[Records drawn from a dataset]
BEGIN

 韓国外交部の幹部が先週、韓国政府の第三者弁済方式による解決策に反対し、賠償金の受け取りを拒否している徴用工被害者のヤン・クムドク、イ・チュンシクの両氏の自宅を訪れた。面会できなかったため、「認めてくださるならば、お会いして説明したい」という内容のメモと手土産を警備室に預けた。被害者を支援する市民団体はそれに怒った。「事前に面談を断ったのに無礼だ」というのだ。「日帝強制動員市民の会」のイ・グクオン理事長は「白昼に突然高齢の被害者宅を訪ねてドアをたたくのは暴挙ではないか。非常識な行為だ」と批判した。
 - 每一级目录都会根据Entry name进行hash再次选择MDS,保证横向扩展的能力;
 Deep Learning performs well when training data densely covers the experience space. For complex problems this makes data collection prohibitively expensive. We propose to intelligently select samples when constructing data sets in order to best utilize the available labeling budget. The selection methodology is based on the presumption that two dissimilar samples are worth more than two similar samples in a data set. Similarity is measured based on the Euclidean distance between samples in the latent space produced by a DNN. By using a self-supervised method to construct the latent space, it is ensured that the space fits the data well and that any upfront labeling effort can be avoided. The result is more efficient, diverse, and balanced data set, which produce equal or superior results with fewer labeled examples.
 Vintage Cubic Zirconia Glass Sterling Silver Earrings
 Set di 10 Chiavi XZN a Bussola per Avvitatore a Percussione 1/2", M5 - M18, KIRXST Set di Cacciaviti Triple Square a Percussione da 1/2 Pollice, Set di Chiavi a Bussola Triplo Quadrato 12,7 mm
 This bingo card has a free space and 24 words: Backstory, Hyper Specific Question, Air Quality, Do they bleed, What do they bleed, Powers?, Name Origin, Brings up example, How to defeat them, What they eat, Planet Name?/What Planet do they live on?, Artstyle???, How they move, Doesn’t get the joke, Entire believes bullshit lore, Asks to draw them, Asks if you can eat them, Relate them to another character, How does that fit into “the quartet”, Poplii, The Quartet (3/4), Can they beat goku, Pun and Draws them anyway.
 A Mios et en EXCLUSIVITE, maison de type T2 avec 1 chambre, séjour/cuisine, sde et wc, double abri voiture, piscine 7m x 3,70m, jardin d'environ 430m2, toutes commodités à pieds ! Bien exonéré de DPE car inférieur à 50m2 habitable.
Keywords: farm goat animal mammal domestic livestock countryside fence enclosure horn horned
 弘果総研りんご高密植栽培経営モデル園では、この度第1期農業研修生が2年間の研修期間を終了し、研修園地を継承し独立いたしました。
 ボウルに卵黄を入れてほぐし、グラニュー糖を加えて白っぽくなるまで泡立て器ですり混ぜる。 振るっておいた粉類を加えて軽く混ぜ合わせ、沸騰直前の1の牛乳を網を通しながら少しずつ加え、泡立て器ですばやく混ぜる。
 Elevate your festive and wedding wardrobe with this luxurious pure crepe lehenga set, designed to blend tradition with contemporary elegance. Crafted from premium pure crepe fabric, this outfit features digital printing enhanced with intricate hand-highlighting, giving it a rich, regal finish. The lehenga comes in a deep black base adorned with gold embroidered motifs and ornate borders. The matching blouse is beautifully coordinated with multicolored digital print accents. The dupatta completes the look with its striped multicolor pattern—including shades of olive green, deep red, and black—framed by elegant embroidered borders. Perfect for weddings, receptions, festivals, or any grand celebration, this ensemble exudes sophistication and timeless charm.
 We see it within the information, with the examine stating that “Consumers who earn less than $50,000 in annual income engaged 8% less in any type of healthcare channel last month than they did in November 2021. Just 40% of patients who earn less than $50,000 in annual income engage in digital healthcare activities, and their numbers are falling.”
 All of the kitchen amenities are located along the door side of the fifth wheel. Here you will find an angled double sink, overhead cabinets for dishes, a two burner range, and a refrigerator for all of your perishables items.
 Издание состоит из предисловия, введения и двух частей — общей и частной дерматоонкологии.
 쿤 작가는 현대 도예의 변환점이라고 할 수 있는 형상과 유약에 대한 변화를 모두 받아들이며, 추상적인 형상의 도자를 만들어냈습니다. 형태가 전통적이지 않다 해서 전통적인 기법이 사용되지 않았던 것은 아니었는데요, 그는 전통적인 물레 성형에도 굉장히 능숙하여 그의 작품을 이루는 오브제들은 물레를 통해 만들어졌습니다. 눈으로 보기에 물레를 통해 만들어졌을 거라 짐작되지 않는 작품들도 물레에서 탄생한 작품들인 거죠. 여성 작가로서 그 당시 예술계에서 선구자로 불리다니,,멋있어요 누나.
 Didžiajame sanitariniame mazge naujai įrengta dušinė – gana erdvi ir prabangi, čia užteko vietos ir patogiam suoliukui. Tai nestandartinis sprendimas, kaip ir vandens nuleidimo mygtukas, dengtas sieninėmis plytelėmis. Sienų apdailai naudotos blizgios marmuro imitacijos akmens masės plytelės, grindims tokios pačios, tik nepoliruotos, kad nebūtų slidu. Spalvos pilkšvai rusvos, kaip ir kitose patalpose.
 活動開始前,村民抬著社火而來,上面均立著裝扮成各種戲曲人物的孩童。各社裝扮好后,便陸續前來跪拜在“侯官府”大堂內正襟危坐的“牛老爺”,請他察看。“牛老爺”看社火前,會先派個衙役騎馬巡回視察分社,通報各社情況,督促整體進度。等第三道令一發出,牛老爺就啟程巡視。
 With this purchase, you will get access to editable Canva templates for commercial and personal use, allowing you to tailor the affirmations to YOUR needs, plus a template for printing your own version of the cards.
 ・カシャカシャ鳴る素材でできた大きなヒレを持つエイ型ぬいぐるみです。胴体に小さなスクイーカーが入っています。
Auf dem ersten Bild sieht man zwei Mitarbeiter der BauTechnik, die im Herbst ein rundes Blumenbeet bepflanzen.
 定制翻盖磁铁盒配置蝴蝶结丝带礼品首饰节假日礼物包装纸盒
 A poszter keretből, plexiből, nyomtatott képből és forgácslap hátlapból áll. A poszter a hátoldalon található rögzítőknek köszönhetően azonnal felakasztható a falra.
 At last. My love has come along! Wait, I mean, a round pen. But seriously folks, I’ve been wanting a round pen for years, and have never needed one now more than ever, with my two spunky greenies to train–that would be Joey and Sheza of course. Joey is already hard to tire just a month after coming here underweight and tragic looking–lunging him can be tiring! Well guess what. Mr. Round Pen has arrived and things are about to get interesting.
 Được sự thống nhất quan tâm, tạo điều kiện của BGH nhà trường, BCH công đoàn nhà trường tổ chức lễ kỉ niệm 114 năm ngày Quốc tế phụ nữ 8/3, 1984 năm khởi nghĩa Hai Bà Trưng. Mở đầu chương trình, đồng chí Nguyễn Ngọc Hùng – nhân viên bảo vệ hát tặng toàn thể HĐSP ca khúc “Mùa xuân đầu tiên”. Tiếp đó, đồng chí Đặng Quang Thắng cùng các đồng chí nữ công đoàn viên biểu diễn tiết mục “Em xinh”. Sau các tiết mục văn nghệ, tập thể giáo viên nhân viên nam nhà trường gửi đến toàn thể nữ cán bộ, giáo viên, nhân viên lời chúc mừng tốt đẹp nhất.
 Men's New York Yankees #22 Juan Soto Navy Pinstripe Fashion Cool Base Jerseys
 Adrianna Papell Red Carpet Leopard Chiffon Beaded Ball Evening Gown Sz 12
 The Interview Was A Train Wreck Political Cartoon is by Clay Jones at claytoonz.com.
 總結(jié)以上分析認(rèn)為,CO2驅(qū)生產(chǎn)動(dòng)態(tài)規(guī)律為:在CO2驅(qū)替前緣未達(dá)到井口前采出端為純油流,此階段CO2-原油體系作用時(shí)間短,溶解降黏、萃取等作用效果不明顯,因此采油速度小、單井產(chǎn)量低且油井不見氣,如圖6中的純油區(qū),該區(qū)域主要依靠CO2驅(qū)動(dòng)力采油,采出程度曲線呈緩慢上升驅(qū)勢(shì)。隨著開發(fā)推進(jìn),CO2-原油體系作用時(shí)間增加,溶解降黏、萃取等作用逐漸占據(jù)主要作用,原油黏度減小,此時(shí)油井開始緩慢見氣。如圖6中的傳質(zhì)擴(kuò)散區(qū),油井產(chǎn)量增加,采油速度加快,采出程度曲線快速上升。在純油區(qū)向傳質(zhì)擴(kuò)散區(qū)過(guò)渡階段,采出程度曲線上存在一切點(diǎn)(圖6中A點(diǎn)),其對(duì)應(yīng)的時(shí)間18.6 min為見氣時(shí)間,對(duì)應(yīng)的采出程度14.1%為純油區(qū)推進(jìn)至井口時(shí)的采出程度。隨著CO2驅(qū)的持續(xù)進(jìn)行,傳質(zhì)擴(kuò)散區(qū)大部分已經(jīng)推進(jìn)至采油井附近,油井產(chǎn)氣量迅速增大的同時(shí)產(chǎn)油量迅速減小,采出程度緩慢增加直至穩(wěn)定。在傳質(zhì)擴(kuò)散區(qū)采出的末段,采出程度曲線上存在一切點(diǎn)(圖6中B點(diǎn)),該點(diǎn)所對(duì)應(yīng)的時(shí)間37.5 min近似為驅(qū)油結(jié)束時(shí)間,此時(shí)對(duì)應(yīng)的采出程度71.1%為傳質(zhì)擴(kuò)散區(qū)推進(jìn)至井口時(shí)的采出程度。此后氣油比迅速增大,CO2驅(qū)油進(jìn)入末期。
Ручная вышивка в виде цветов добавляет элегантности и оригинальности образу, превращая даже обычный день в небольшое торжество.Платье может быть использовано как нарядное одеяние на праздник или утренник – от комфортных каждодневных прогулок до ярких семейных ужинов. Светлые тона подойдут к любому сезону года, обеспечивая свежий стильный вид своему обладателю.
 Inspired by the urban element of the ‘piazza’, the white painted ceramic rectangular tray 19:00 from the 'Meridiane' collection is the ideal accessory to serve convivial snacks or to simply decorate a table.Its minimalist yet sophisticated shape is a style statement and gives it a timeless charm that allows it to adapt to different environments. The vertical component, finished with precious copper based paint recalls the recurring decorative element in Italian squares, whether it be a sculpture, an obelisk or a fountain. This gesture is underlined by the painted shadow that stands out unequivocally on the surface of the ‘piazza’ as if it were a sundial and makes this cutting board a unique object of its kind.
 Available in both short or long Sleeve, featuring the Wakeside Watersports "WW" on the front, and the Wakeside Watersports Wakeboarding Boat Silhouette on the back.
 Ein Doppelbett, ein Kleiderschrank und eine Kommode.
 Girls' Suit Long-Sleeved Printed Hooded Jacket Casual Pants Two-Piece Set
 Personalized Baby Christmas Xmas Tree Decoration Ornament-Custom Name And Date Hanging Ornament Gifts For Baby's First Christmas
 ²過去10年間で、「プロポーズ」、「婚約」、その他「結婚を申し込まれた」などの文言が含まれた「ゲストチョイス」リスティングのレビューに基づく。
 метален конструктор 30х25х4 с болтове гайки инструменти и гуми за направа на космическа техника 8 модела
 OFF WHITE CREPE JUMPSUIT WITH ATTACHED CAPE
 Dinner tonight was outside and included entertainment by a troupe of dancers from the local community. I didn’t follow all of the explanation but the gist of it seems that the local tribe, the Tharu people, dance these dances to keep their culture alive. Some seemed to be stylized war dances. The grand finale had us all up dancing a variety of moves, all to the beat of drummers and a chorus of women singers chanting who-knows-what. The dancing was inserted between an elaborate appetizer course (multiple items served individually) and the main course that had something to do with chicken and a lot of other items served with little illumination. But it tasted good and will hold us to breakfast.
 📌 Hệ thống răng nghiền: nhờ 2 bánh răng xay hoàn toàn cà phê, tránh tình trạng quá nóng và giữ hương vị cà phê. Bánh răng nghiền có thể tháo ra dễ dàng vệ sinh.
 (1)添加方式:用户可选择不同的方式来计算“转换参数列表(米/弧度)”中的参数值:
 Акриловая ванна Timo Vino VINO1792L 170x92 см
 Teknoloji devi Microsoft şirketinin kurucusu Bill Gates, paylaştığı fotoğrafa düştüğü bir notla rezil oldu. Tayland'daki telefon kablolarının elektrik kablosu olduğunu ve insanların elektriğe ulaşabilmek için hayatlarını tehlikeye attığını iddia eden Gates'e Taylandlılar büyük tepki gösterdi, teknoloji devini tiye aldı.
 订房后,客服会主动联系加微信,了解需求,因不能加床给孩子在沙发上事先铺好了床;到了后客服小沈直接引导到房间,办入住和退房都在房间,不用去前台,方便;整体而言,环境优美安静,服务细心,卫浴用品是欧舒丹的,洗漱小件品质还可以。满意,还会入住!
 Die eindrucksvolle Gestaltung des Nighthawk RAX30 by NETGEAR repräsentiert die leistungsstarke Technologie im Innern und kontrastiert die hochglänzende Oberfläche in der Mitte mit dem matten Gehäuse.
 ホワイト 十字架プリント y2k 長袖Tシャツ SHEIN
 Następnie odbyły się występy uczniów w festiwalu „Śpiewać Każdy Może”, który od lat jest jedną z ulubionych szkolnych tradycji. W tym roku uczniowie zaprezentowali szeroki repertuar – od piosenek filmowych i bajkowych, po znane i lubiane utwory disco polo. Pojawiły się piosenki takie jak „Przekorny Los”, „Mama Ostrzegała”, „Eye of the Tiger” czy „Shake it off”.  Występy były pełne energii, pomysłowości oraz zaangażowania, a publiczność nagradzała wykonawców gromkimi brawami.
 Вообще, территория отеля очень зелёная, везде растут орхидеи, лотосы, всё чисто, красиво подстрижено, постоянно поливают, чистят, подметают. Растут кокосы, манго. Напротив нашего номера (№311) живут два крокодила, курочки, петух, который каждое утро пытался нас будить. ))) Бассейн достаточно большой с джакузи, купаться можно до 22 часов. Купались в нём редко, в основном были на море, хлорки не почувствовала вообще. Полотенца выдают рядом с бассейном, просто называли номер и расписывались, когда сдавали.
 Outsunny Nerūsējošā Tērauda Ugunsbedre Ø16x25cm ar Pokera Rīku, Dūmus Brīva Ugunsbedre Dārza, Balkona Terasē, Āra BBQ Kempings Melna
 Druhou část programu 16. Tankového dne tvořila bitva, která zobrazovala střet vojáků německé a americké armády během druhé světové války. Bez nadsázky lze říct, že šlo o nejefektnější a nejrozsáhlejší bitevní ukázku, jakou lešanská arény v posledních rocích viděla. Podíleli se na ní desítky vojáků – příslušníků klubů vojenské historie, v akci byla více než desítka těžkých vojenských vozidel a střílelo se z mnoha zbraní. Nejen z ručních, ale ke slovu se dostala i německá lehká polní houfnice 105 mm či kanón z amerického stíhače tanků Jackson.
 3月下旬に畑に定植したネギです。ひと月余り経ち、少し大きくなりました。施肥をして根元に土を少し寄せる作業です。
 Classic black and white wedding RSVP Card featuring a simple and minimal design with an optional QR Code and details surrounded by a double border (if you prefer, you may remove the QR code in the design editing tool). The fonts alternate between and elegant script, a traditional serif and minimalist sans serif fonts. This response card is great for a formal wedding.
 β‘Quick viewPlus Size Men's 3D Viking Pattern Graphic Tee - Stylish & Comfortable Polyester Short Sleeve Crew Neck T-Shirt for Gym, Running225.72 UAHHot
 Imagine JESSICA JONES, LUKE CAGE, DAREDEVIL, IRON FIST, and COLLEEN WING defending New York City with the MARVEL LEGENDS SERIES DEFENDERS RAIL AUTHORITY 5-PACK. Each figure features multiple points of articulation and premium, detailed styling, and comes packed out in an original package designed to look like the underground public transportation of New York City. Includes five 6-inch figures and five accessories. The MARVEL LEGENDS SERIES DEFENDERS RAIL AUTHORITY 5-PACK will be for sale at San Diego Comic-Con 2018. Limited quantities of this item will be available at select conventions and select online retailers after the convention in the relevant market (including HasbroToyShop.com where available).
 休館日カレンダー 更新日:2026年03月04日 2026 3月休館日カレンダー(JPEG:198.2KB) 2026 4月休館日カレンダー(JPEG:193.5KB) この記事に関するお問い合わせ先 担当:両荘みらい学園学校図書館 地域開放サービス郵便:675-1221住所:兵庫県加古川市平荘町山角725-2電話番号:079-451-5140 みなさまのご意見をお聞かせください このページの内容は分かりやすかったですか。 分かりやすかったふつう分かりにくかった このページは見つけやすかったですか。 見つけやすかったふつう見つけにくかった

END

The number of lines above where the word "featuring" occurs, and only that number, is the answer.

_Task solution_
2